Médicos decidem parar de atender planos de saúde durante 2 semanas
Por Dárcio Alves
Os serviços de urgência e emergência não serão afetados, mas as
consultas e a chamada assistência eletiva, mesmo marcadas com meses de
antecedência, serão reagendadas para depois da greve.
A paralisação atingirá todos os convênios em 7 Estados
– Acre
– Amazonas
– Mato Grosso do Sul
– Minas Gerais
– Piauí
– Rio Grande do Norte
– Rondônia
– Acre
– Amazonas
– Mato Grosso do Sul
– Minas Gerais
– Piauí
– Rio Grande do Norte
– Rondônia
Em outras 8 unidades da Federação a greve atingirá seletivamente as operadoras que não fecharam acordo.
– Bahia
– Goiás
– Maranhão
– Mato Grosso
– Pernambuco
– Rio Grande do Sul
– Santa Catarina
– São Paulo
– Bahia
– Goiás
– Maranhão
– Mato Grosso
– Pernambuco
– Rio Grande do Sul
– Santa Catarina
– São Paulo
Em entrevista, o vice-presidente do Conselho Federal de Medicina
(CFM), Aloísio Tibiriçá, explicou que a paralisação foi inevitável
diante da intransigência das operadoras na relação com os médicos e da
deterioração da qualidade do atendimento aos usuários. Ele disse que
está havendo evasão de profissionais e que o sistema caminhará para o
caos se não houver intervenção do poder público. “Estamos caminhando
para um apagão na saúde suplementar”, enfatizou. “O médico hoje é
tratado como o boia-fria da saúde”, criticou.
Por consulta, o médico recebe das operadoras em média R$ 45. A
proposta da categoria é que os valores sejam fixados entre R$ 60 e R$
80, conforme a complexidade da área.
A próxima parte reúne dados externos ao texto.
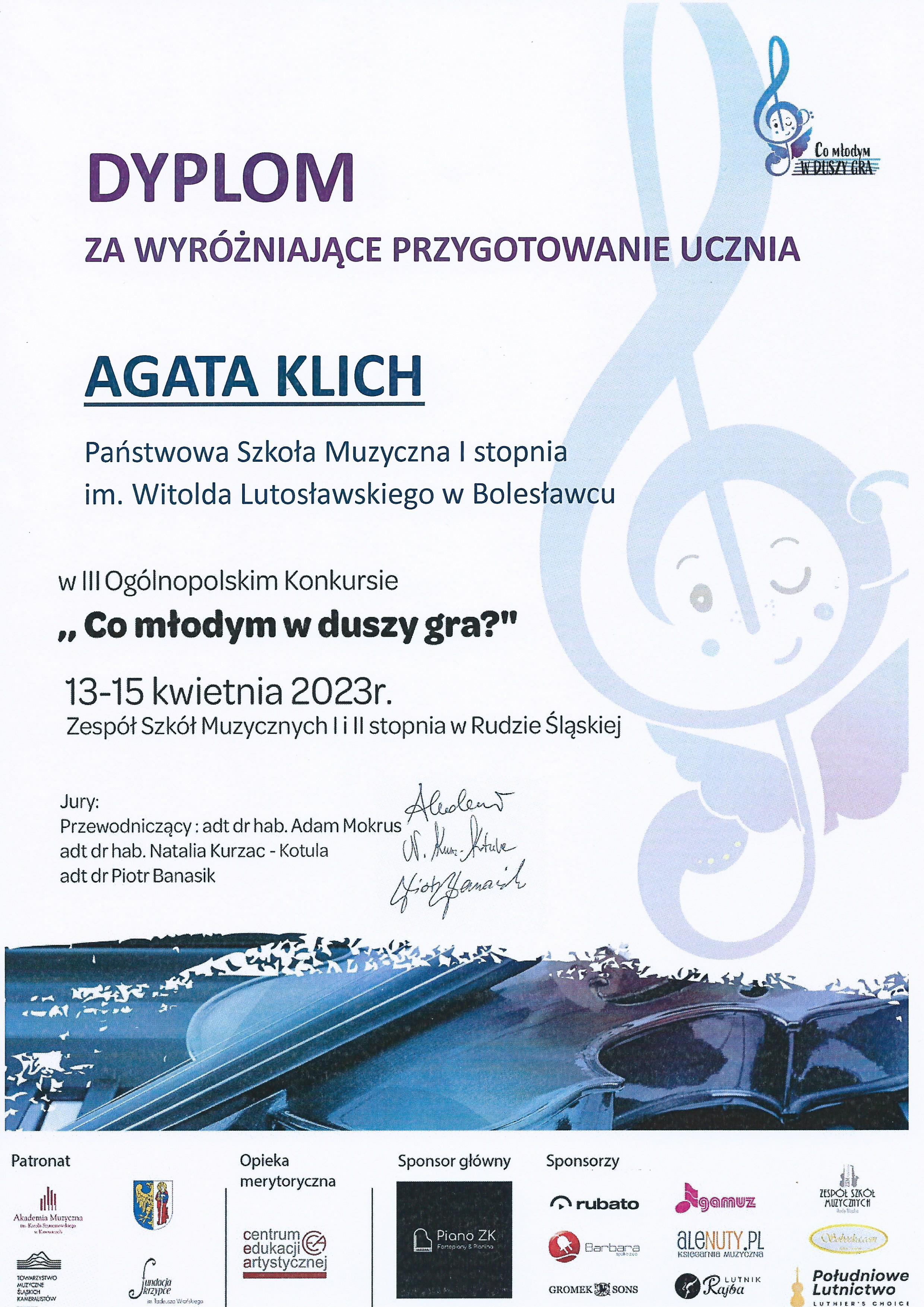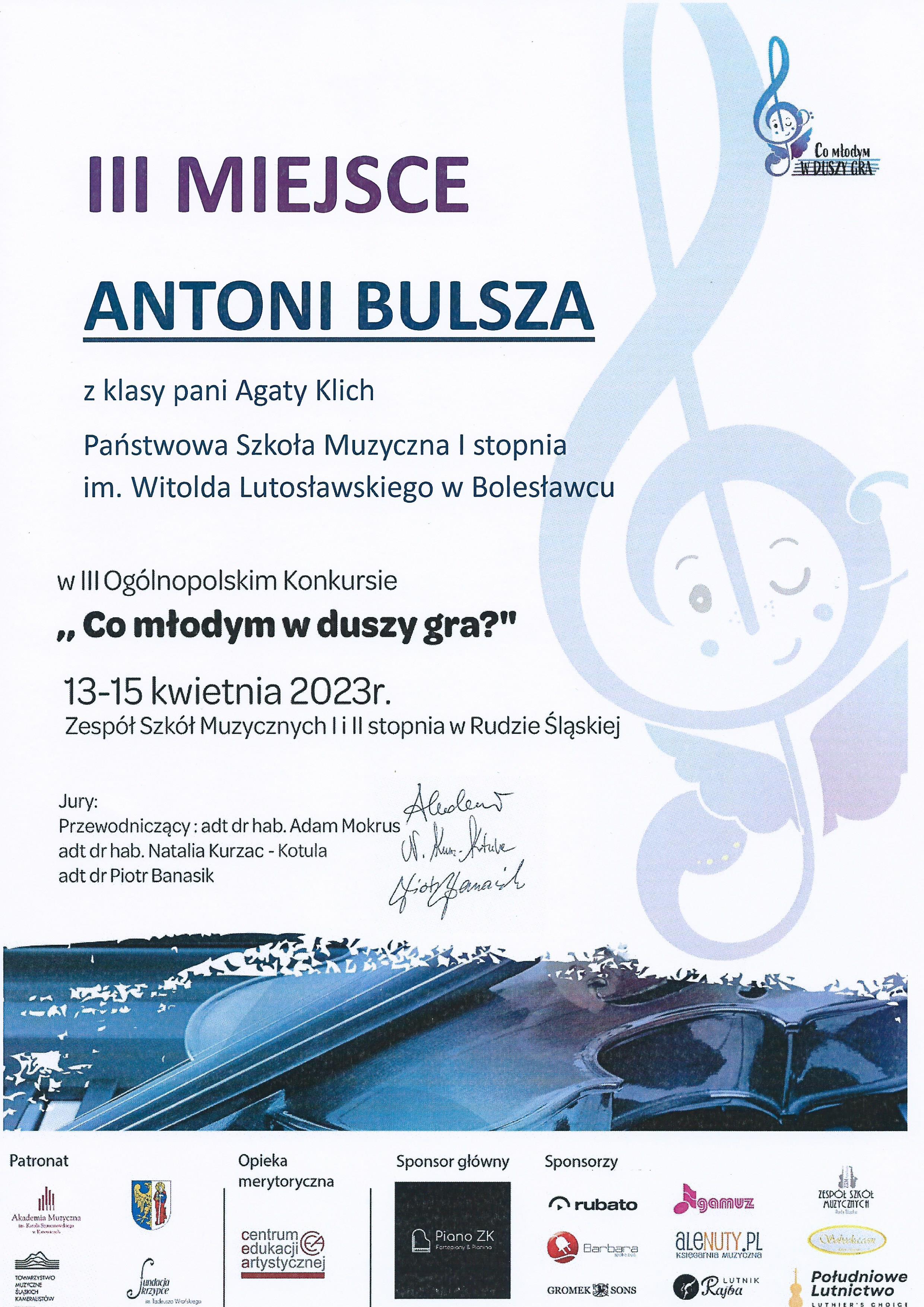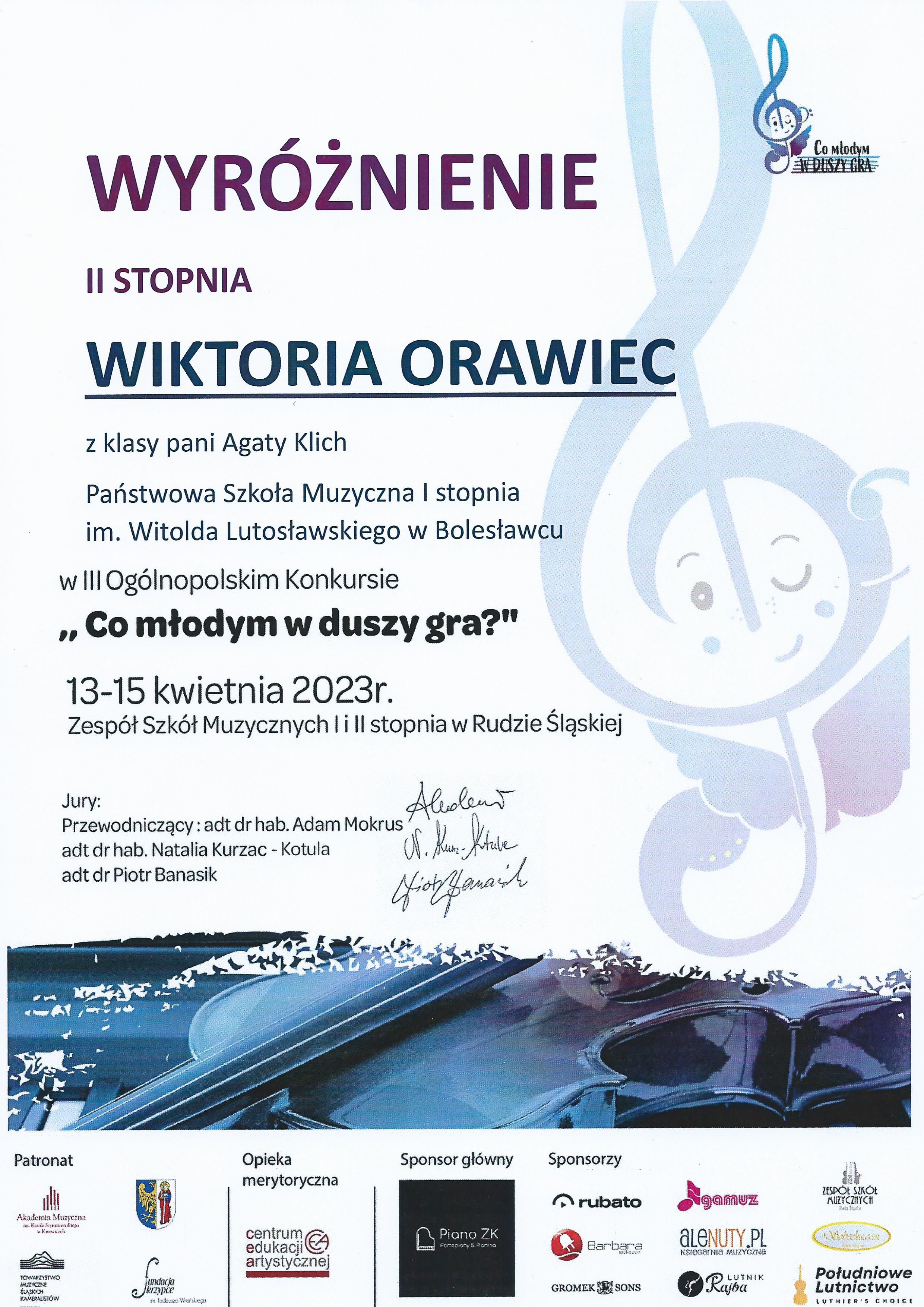 Uczniowie klasy skrzypiec Pani Agaty Klich – Wiktoria Orawiec i Antoni Bulsza wzięli udział w III Ogólnopolskim Konkursie „Co młodym w duszy gra?” w Rudzie Śląskiej. W konkursie uczestniczyło łącznie ponad 160 uzdolnionych, młodych skrzypków, wiolonczelistów i pianistów z całego kraju. Antoni zajął III miejsce, natomiast Wiktoria zdobyła wyróżnienie II stopnia! Dodatkowo za wyróżniający akompaniament dyplom zdobyła Pani Liliia Tarasenko. Także Pani Agata Klich otrzymała dyplom za wyróżniające przygotowanie uczniów. Ogromne brawa!👏

A categoria pede também a criação
de um indexador que permita o reajuste da tabela de serviços com a mesma
periodicidade do aumento na mensalidade dos usuários. Eles exigem ainda
o fim das intervenções das operadoras na autonomia da relação
médico-paciente, além do estabelecimento de sistema de contrato com o
mínimo de garantias aos profissionais.
Hoje, segundo Márcio Bichara, secretário de Saúde Suplementar da Federação Nacional dos
Médicos, o repasse dos reajustes das mensalidades dos convênios não
está sendo feito aos médicos. De 2000 a 2011, os reajustes autorizados
pela Agência Nacional de Saúde Suplementar (ANS) às operadoras somaram
150,89%, mas apenas 65% foram repassados aos médicos. No período, o IPCA
teve variação de 119,8%.
Segundo Tibiriçá, o setor de saúde suplementar passa por grave crise
de credibilidade. Levantamento do CFM mostra que dois em cada dez
pacientes dos planos estão buscando atendimento no Sistema Único de
Saúde (SUS) – a deterioração do atendimento dos planos tem causado
filas cada dia mais semelhantes às do SUS. “Os planos boicotam os
tratamentos de alto custo, abreviam internações e pressionam os médicos a
adotar medidas de contenção que ameaçam a eficácia do tratamento dos
pacientes”, denunciou.
Pesquisa recente realizada pela Associação Paulista de Medicina (APM)
revelou que oito em cada dez pacientes tiveram problemas no atendimento
nos últimos dois anos.
Em todo o País, essa proporção representa um total de 40 milhões de
pacientes, num universo de 50 milhões de usuários de planos de saúde. Em
65% dos casos, o problema ocorreu no agendamento de consulta, devido à
escassez cada vez maior de profissionais. “A evasão de médicos atinge
níveis preocupantes”, disse Tibiriçá.